Dr. Robert Mann told CNN in an interview yesterday that analysts have singled out the plane the airman was aboard when it crashed in California some 60 years ago. Records show there were four crewmen aboard that plane.

The Joint POW-MIA Accounting Command had earlier been looking at 10 possibilities for the identity of the serviceman, whose body was found Oct. 16 jutting out of solid ice atop a mountain in a national park.

Mann said the airman was a Caucasian male in his 20s and was 5-feet-9 to 6-feet-2 tall. He said the man suffered massive trauma when the plane crashed.

Mann said he believes the lab will be able to identify the airman in a few weeks to a few months.

But he said it would not be as easy as matching DNA from the airman with relatives of the missing four crew members.
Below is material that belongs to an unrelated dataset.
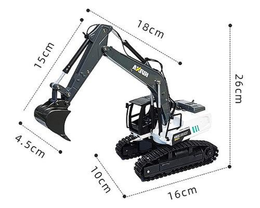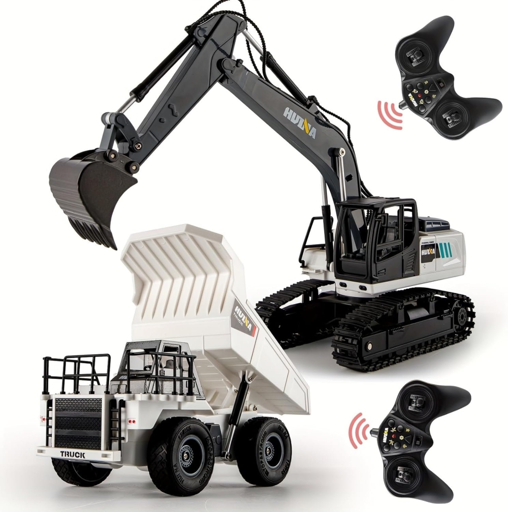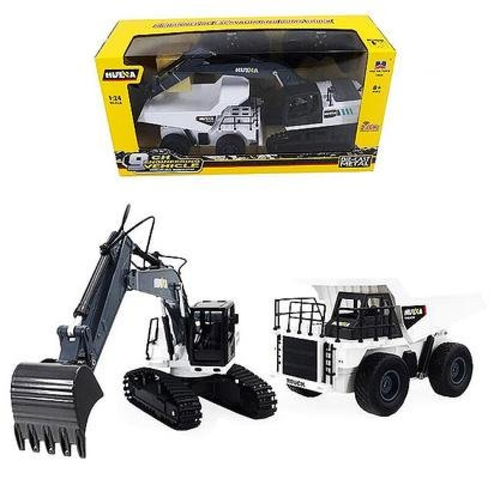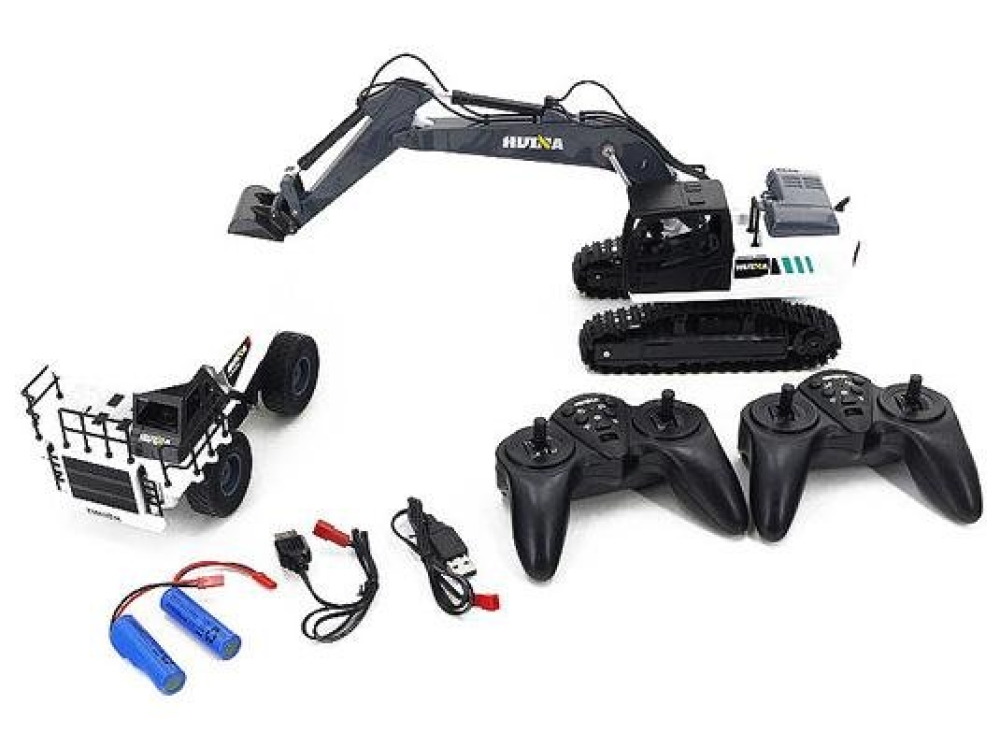 Радиоуправляемый набор Huina HN1559 (экскаватор и самосвал) 1:24 – это детский набор 2-в-1 со строительной техникой. Подходит для детей от 8 лет, для детей помладше (4+) игру с радиоуправляемыми моделями лучше проводить с родителями или под их наблюдением, заряжать аккумуляторы также следует под их присмотром. Обе машинки - белого цвета с черными элементами.
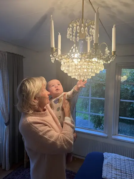 Min son Pontus med barnbarnet Lion, snart 6 månader, kommer nämligen ner för att säga adjö innan jag ger mig av – och innan de och Madde senare ska resa tillbaka till Oslo. Lion får en flaska mjölkersättning som just blivit färdig i den på Sverige-resan medhavda vällingberedaren, en maskin som doserar och värmer babydryck till önskad temperatur på nolltid. När han druckit upp får jag chans att umgås lite med honom. Jag bär honom till den lilla kristallkronan i sovrummet och vi får den att klirra vackert genom att dra våra händer genom prismorna. Eller, rättare sagt, Lion är nöjd med att ha fått ett hårt grepp om en prisma. Sen ligger han på rygg en stund på min säng, i happy baby-position, medan han testar sina röstresurser i olika ljud och läten. Gosandet måste dock avslutas när jag inser att jag behöver borsta tänderna innan det är dags att bege sig till bussen. På med varm jacka och ett par bekväma jympaskor och mot hållplats Höjdvägen.

There is a possibility that the pool of missing aircraft, and thus missing crew, may be larger than what analysts have concluded, he said.

"We don't want to just look at the material evidence we have and immediately jump to the conclusion that this is a certain individual. What we want to do is have the evidence speak for itself," Mann said.

Two forensic anthropologists and a dentist at Hickam Air Force Base have been examining the airman's body, teeth and clothing.

The joint command, which operates the largest anthropological laboratory in the world, has identified more than 1,200 servicemen dating to World War I.

It usually works with skeletal remains but has received well-preserved frozen bodies in the past, such as airmen who were found in a Tibet glacier in 1993.